> **Problem statement**
Retype only the lines below from the one with "Results of Rouge" to the one with "工作人员通过直播,在网络上展示招聘活动现场情况。中新网记者刘新摄", inclusive, skipping every image.

--

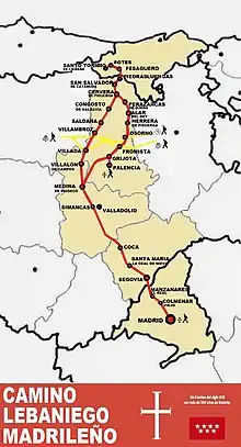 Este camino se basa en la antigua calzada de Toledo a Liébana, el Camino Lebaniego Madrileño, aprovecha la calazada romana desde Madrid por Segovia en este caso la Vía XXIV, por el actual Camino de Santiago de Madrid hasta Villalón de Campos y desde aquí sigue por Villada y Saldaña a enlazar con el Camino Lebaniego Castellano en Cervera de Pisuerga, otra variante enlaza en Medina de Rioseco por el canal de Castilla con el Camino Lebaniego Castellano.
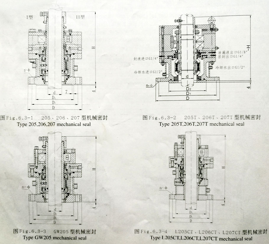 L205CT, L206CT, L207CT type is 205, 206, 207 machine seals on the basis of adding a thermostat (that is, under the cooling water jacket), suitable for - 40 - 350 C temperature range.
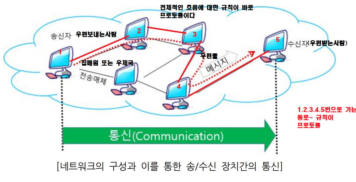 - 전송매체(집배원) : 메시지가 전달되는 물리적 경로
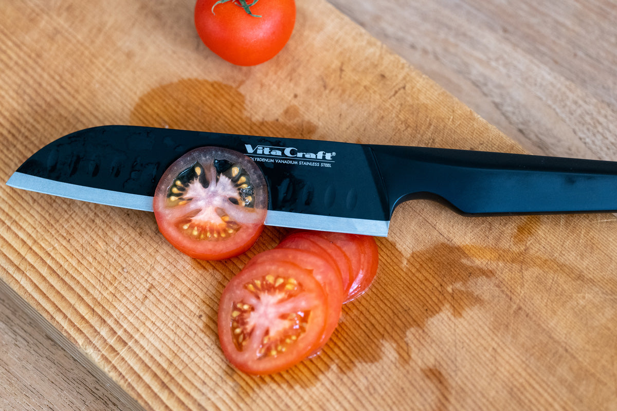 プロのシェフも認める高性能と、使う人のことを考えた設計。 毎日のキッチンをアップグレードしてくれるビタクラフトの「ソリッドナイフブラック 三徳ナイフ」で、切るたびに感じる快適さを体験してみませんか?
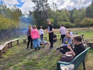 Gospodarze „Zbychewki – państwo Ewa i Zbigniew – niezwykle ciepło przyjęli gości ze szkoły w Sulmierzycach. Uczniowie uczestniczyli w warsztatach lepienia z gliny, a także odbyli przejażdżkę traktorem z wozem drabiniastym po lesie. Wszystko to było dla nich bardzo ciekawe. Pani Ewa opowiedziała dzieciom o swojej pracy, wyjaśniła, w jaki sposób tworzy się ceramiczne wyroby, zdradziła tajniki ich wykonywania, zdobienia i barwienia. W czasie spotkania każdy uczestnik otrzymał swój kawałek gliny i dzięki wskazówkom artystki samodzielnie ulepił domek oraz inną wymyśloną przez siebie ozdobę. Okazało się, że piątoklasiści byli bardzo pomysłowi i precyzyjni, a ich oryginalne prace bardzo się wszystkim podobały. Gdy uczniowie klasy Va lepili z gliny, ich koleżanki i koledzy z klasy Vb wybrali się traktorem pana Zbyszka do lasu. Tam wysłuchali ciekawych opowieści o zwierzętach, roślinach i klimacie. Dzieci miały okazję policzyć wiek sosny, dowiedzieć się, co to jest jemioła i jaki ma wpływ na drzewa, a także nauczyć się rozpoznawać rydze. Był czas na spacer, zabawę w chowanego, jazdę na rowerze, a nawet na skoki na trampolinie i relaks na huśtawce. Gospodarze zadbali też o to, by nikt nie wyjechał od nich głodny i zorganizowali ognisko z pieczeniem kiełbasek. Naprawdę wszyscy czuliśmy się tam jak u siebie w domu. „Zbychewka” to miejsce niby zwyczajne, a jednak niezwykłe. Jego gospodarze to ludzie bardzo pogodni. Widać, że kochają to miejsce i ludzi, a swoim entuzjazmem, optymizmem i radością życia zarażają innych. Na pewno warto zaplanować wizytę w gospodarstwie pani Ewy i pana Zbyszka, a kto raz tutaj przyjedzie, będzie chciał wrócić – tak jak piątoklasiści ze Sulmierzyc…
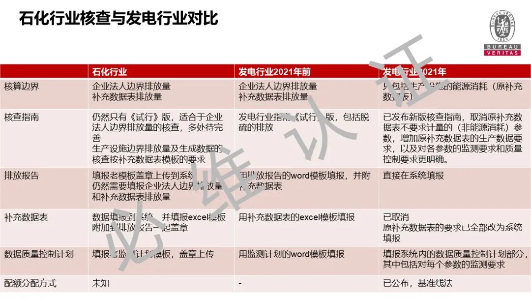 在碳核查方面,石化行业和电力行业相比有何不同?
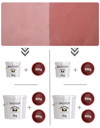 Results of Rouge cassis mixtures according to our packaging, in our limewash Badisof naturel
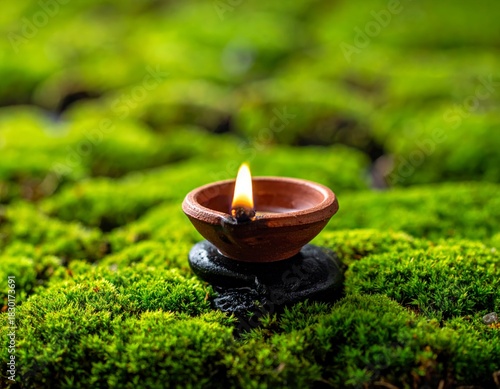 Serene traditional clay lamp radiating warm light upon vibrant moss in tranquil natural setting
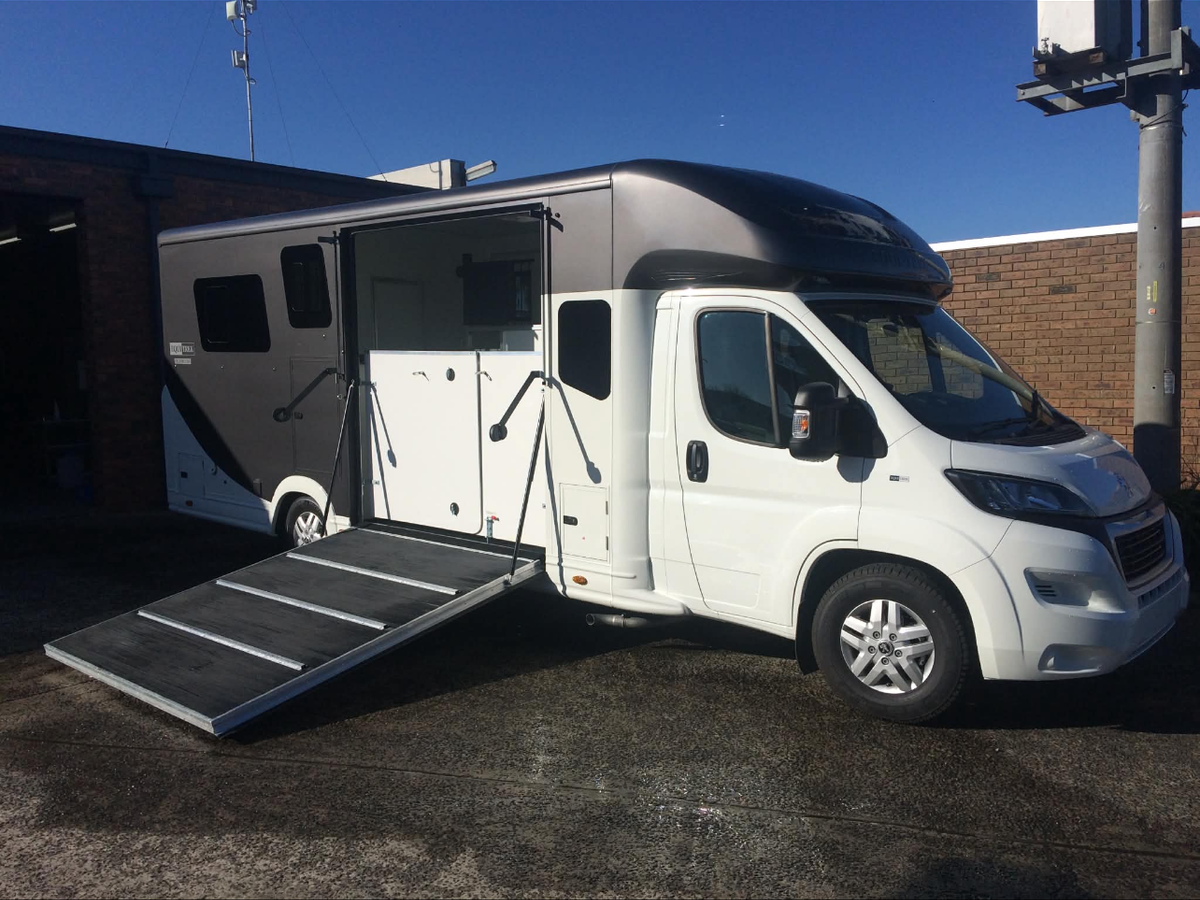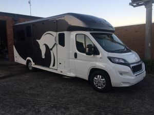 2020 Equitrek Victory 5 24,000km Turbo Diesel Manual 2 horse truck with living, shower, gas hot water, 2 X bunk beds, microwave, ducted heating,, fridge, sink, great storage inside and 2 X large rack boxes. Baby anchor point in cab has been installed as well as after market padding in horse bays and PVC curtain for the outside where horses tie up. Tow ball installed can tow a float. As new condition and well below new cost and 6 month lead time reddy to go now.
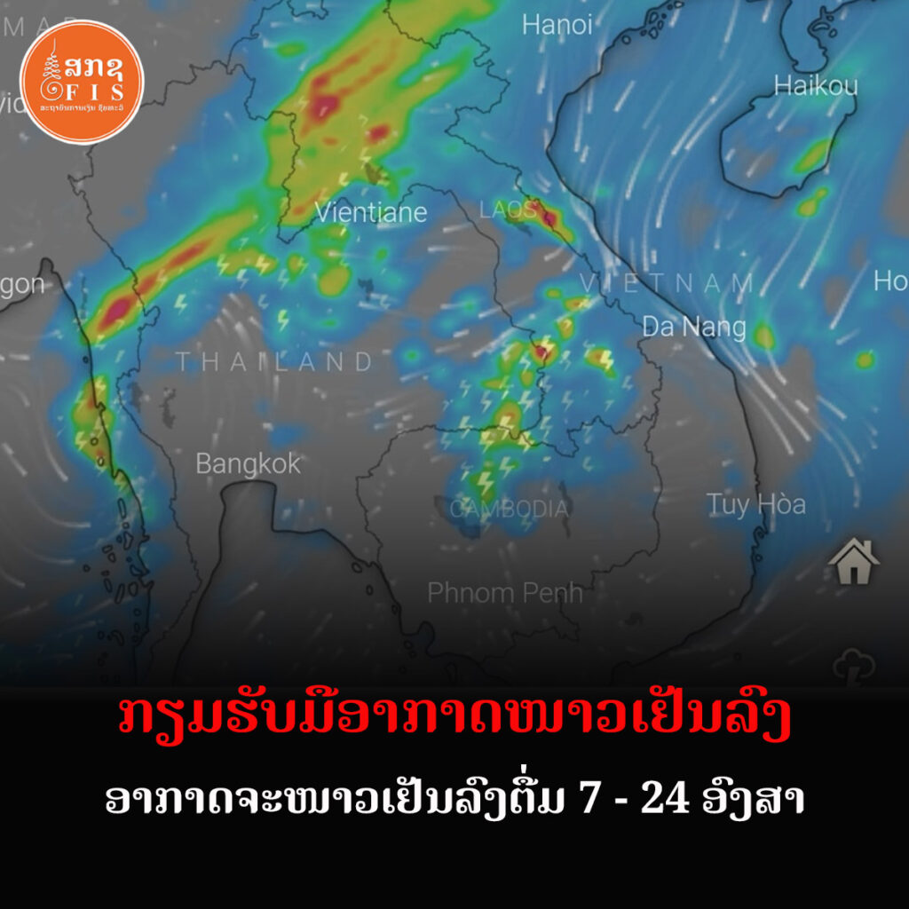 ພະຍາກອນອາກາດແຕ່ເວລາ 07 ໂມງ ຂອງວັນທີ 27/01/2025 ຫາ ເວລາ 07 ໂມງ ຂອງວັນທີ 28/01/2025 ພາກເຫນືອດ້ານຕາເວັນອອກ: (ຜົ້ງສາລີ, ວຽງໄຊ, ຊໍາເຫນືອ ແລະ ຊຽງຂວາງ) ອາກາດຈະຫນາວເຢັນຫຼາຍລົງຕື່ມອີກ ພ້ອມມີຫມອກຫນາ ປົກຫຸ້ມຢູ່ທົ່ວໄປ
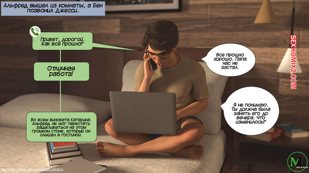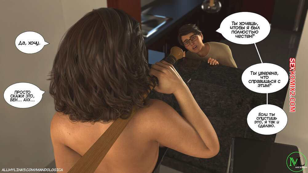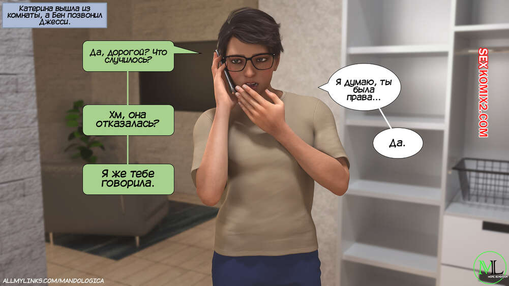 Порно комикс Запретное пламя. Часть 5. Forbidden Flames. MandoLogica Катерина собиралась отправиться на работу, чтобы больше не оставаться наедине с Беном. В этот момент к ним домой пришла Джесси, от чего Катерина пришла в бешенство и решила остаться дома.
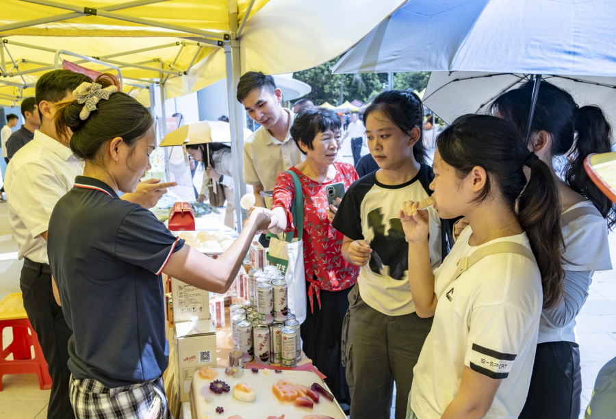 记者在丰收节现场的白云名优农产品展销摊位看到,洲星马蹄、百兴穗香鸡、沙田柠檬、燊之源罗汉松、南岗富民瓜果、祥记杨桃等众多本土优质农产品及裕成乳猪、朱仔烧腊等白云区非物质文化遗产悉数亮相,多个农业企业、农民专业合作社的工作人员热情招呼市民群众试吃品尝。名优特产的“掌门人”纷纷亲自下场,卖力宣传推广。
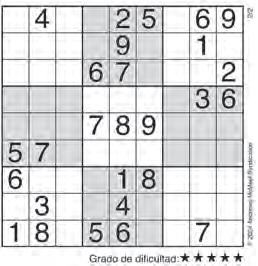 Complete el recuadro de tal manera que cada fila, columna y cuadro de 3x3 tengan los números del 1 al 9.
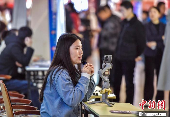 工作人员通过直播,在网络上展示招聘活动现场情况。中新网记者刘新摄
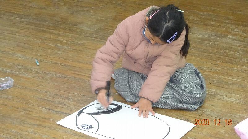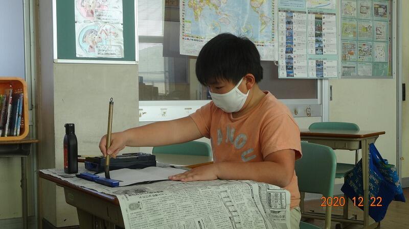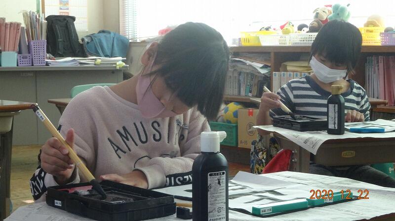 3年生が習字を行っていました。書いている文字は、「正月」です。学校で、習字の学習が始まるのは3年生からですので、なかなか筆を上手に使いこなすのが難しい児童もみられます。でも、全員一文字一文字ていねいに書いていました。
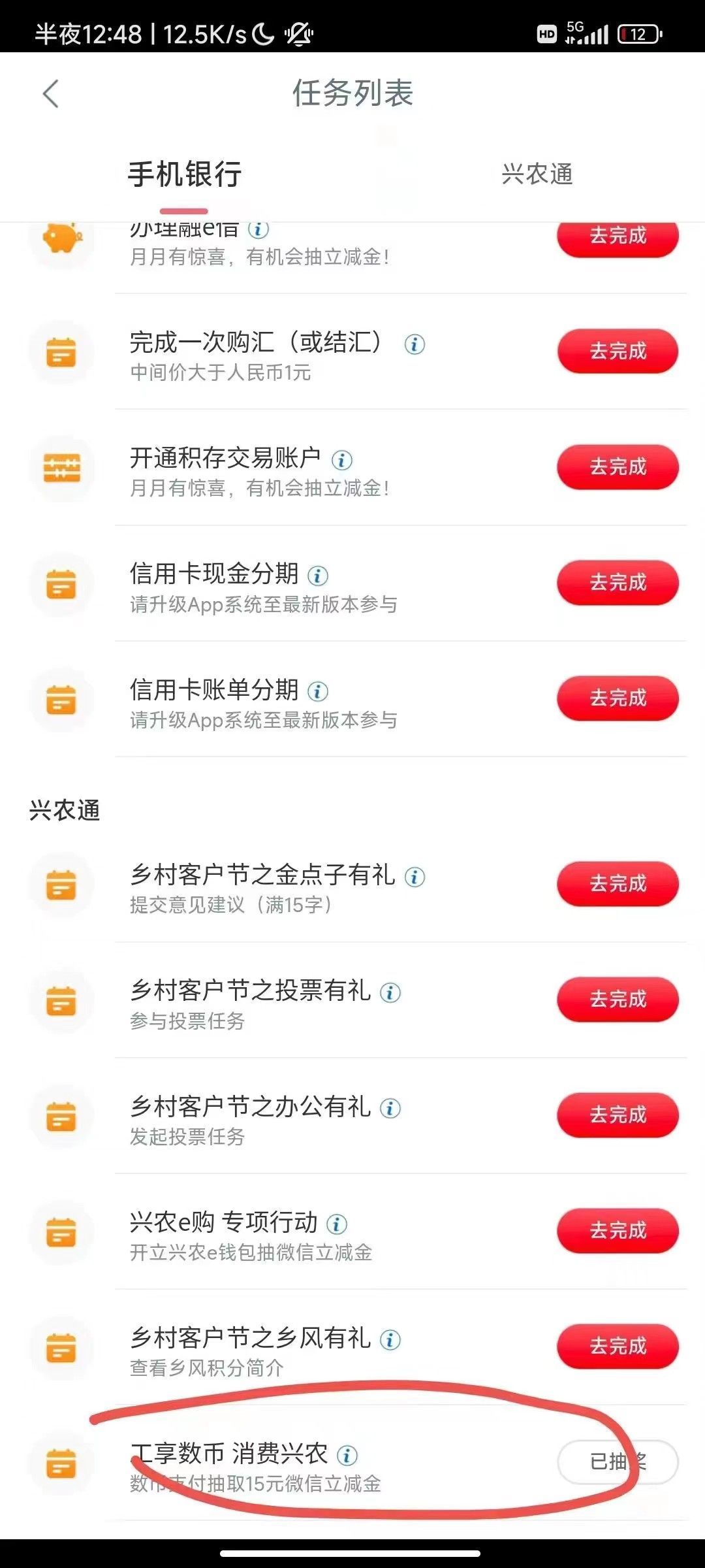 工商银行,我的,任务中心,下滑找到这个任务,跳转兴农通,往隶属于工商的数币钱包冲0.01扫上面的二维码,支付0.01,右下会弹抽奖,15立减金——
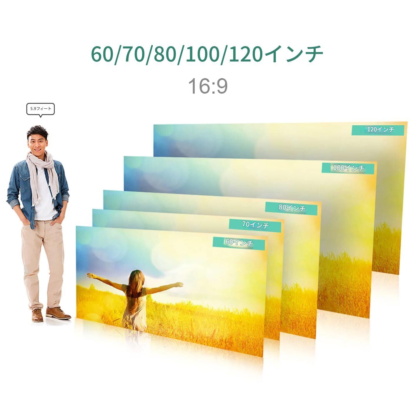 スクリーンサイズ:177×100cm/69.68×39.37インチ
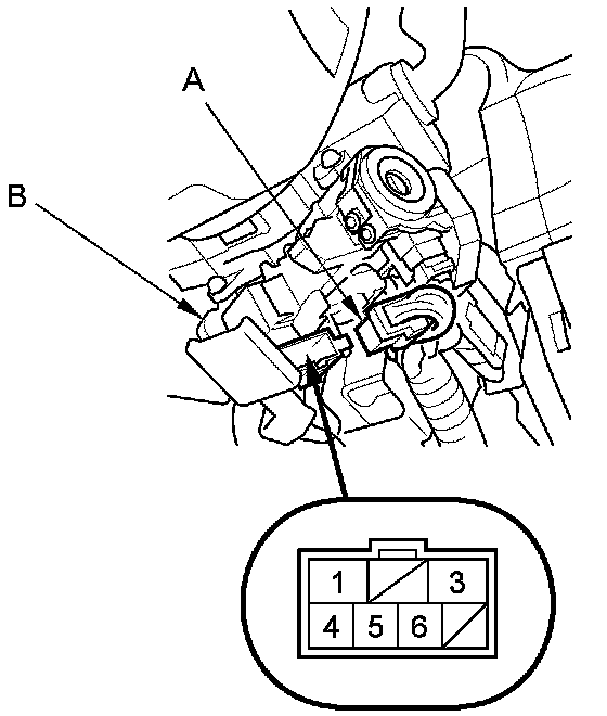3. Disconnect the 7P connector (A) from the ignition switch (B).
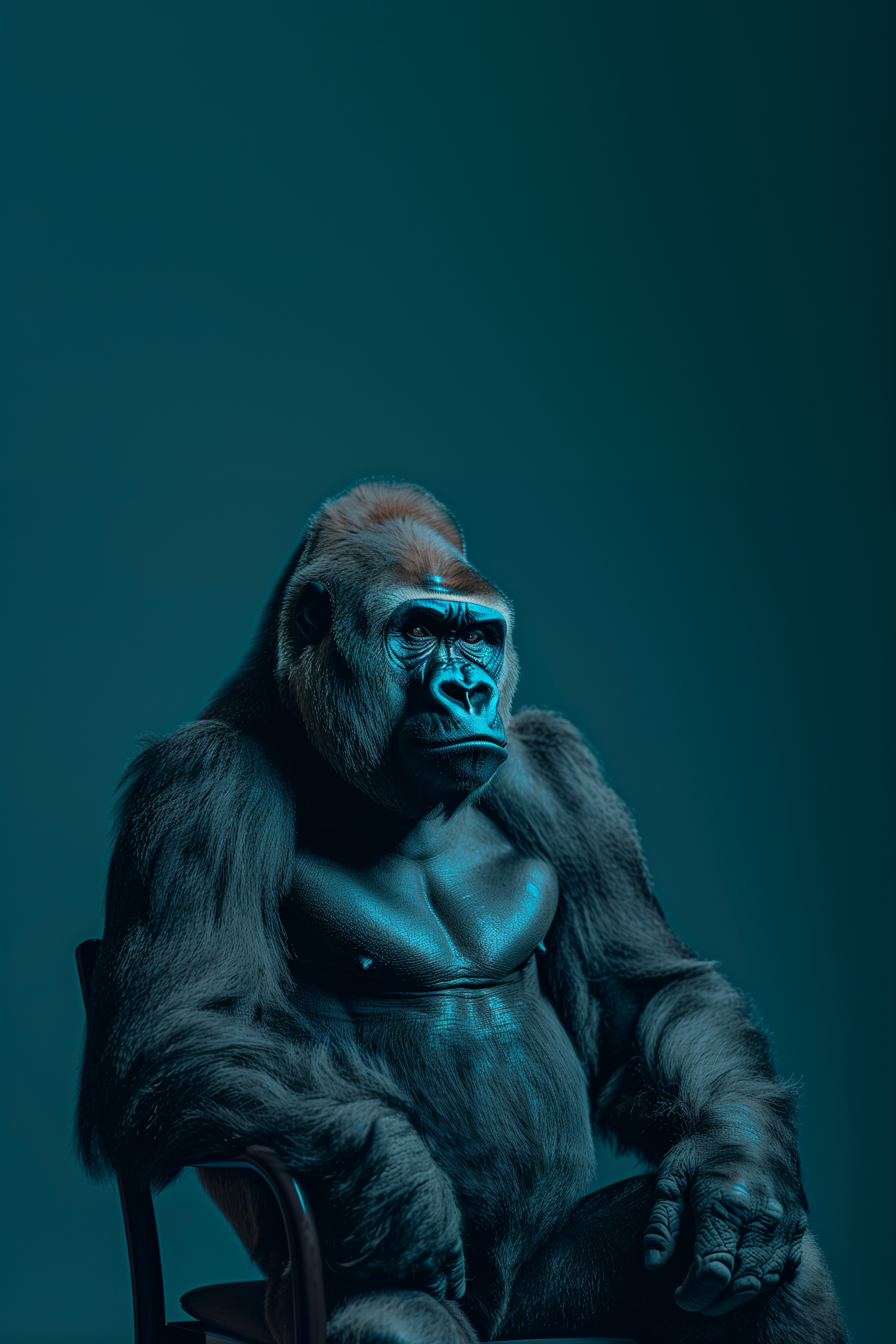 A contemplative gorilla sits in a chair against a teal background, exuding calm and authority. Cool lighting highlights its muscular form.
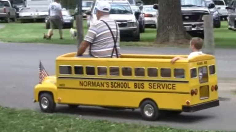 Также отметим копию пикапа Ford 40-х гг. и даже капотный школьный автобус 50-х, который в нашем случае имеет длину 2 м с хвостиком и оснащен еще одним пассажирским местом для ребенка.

--

> **Task output**
 Results of Rouge cassis mixtures according to our packaging, in our limewash Badisof naturel
 Serene traditional clay lamp radiating warm light upon vibrant moss in tranquil natural setting
 2020 Equitrek Victory 5 24,000km Turbo Diesel Manual 2 horse truck with living, shower, gas hot water, 2 X bunk beds, microwave, ducted heating,, fridge, sink, great storage inside and 2 X large rack boxes. Baby anchor point in cab has been installed as well as after market padding in horse bays and PVC curtain for the outside where horses tie up. Tow ball installed can tow a float. As new condition and well below new cost and 6 month lead time reddy to go now.
 ພະຍາກອນອາກາດແຕ່ເວລາ 07 ໂມງ ຂອງວັນທີ 27/01/2025 ຫາ ເວລາ 07 ໂມງ ຂອງວັນທີ 28/01/2025 ພາກເຫນືອດ້ານຕາເວັນອອກ: (ຜົ້ງສາລີ, ວຽງໄຊ, ຊໍາເຫນືອ ແລະ ຊຽງຂວາງ) ອາກາດຈະຫນາວເຢັນຫຼາຍລົງຕື່ມອີກ ພ້ອມມີຫມອກຫນາ ປົກຫຸ້ມຢູ່ທົ່ວໄປ
 Порно комикс Запретное пламя. Часть 5. Forbidden Flames. MandoLogica Катерина собиралась отправиться на работу, чтобы больше не оставаться наедине с Беном. В этот момент к ним домой пришла Джесси, от чего Катерина пришла в бешенство и решила остаться дома.
 记者在丰收节现场的白云名优农产品展销摊位看到,洲星马蹄、百兴穗香鸡、沙田柠檬、燊之源罗汉松、南岗富民瓜果、祥记杨桃等众多本土优质农产品及裕成乳猪、朱仔烧腊等白云区非物质文化遗产悉数亮相,多个农业企业、农民专业合作社的工作人员热情招呼市民群众试吃品尝。名优特产的“掌门人”纷纷亲自下场,卖力宣传推广。
 Complete el recuadro de tal manera que cada fila, columna y cuadro de 3x3 tengan los números del 1 al 9.
 工作人员通过直播,在网络上展示招聘活动现场情况。中新网记者刘新摄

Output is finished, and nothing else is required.